## AIM OF THE EXERCISE
Using the listing below, copy exactly the lines from the one containing "मुख्यमंत्री और जिलाधिकारी" to the one containing "Here are the", both lines included, and no others.

## RECORDS FOR THE EXERCISE
'''

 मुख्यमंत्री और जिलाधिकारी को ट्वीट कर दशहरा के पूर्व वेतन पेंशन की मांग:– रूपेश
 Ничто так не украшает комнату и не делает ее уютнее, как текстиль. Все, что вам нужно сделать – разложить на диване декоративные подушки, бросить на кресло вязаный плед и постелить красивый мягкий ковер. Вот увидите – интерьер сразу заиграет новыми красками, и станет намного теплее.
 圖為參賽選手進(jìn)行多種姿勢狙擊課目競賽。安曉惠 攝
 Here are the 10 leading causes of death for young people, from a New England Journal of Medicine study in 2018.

'''
'''

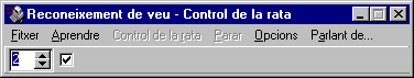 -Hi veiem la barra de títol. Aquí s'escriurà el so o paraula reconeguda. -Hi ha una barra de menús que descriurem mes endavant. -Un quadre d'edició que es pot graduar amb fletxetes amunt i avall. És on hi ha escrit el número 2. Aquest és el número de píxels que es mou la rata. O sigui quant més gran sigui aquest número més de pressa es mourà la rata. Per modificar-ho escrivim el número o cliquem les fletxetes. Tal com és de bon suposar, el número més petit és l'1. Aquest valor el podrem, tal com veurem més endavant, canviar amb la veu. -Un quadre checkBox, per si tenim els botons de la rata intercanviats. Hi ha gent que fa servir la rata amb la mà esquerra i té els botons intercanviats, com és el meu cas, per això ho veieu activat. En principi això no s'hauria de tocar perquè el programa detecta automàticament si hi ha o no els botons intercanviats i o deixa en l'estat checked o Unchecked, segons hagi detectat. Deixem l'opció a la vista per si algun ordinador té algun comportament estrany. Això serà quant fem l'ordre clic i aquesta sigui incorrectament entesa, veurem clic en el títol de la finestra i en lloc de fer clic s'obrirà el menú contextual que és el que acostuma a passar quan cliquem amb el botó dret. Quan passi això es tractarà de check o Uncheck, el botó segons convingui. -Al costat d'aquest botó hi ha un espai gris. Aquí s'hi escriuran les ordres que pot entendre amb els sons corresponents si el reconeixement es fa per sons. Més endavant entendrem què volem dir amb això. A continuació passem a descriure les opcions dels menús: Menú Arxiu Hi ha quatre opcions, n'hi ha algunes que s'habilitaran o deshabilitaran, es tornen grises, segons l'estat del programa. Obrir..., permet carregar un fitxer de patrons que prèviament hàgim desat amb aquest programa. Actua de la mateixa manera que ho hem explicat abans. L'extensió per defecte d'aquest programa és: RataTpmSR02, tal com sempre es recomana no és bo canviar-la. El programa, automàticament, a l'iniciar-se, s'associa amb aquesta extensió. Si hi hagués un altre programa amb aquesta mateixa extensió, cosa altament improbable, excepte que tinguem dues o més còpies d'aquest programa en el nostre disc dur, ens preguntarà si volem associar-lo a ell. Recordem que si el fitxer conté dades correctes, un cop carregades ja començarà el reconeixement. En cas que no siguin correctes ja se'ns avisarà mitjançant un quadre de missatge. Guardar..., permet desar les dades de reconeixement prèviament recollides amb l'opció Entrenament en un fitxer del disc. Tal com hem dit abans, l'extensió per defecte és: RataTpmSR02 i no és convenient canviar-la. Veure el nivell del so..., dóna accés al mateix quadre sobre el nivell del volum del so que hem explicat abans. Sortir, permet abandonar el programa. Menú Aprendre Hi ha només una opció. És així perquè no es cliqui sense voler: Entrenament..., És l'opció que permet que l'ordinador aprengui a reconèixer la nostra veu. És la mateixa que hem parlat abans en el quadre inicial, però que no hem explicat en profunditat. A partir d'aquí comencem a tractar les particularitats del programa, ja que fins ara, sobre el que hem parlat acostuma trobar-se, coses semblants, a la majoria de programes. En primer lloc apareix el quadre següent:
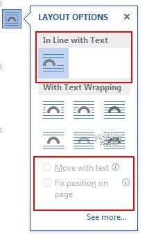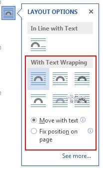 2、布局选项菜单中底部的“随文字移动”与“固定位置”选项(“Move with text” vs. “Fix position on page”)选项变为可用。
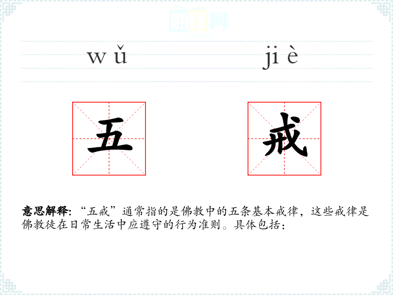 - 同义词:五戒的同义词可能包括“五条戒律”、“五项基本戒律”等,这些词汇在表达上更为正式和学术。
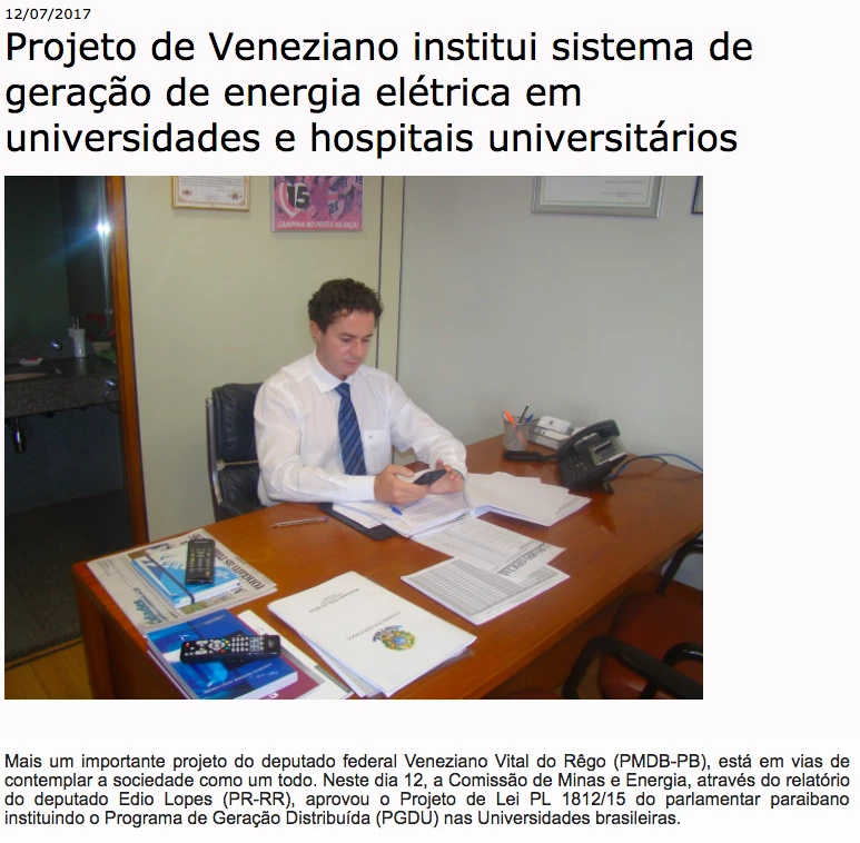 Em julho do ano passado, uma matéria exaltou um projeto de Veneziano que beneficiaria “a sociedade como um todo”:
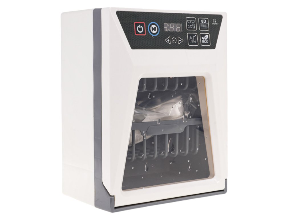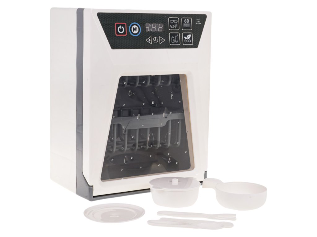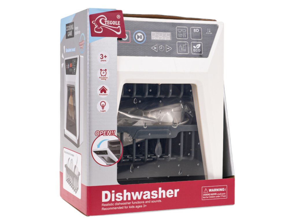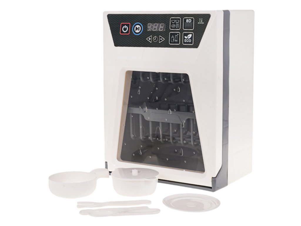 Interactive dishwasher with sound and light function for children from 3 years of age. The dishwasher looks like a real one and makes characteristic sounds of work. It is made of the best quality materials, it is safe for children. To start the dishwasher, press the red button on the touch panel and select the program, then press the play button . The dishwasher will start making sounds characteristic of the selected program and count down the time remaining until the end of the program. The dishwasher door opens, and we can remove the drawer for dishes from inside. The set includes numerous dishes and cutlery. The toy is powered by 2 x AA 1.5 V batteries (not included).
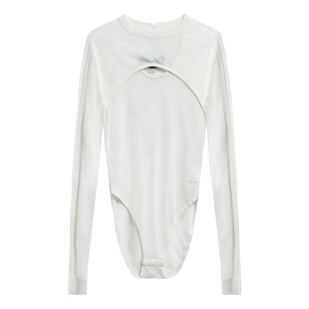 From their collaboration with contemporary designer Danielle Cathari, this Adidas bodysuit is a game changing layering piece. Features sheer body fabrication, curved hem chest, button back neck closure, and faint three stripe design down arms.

'''

## EXPECTED OUTPUT
 मुख्यमंत्री और जिलाधिकारी को ट्वीट कर दशहरा के पूर्व वेतन पेंशन की मांग:– रूपेश
 Ничто так не украшает комнату и не делает ее уютнее, как текстиль. Все, что вам нужно сделать – разложить на диване декоративные подушки, бросить на кресло вязаный плед и постелить красивый мягкий ковер. Вот увидите – интерьер сразу заиграет новыми красками, и станет намного теплее.
 圖為參賽選手進(jìn)行多種姿勢狙擊課目競賽。安曉惠 攝
 Here are the 10 leading causes of death for young people, from a New England Journal of Medicine study in 2018.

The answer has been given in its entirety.